━━━ Data segment

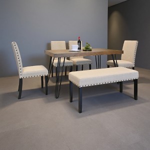 - STYLISH DESIGN HIGHLIGHTS: Rustic dark pine tabletop showcases natural wood grain for warmth, while metallic hairpin legs bring modern industrial charm—blends seamlessly with farmhouse, boho, or contemporary decor. Chairs and bench stand out with soft gray linen-cotton upholstery and brass nailhead trim, adding elegant texture to your dining space.
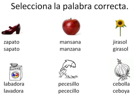 Palabras bien...Versión en línea Actividad en la que se deben seleccionar las palabras que están bien escritas. por Sharon Flores 1 zapato 2 zapato 3 manzana 4 manzana 5 girasol 6 girasol 7 lavadora 8 ¡correcto! 9 correcto! 10 x 11 correcto! 12 ¡correcto! 13 x
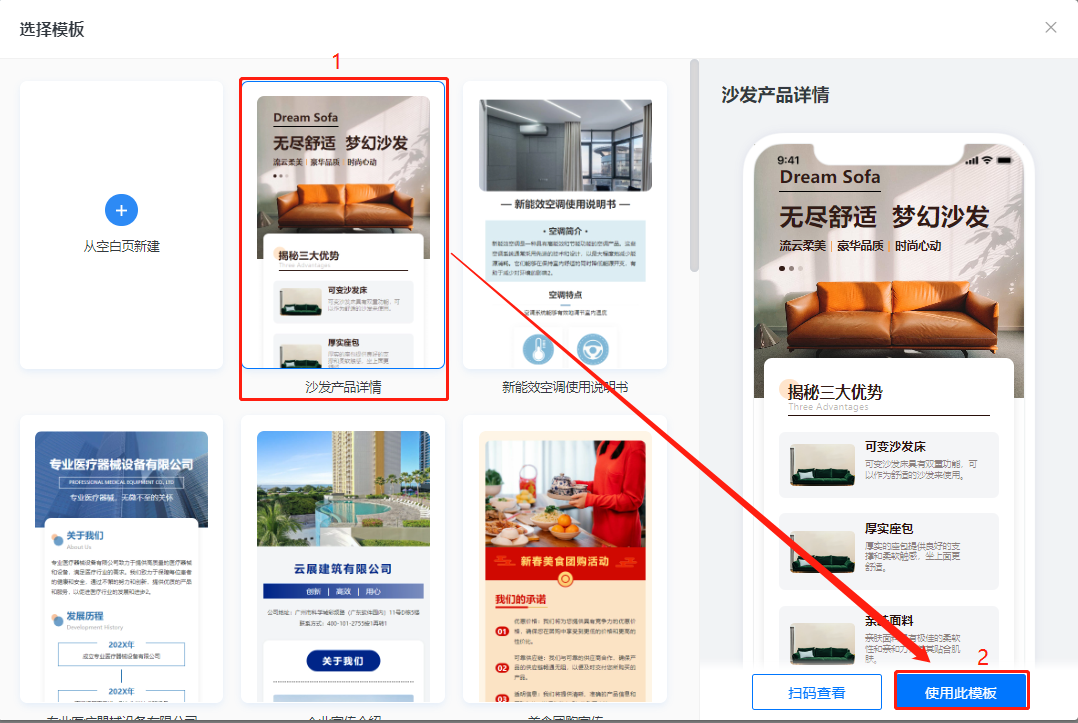 點(diǎn)擊選擇一個模板,點(diǎn)擊右下角【使用此模板】。

━━━━━━

→ Exercise:
In the printed copy, the material above must appear unchanged and without its pictures.

→ Response:
 - STYLISH DESIGN HIGHLIGHTS: Rustic dark pine tabletop showcases natural wood grain for warmth, while metallic hairpin legs bring modern industrial charm—blends seamlessly with farmhouse, boho, or contemporary decor. Chairs and bench stand out with soft gray linen-cotton upholstery and brass nailhead trim, adding elegant texture to your dining space.
 Palabras bien...Versión en línea Actividad en la que se deben seleccionar las palabras que están bien escritas. por Sharon Flores 1 zapato 2 zapato 3 manzana 4 manzana 5 girasol 6 girasol 7 lavadora 8 ¡correcto! 9 correcto! 10 x 11 correcto! 12 ¡correcto! 13 x
 點(diǎn)擊選擇一個模板,點(diǎn)擊右下角【使用此模板】。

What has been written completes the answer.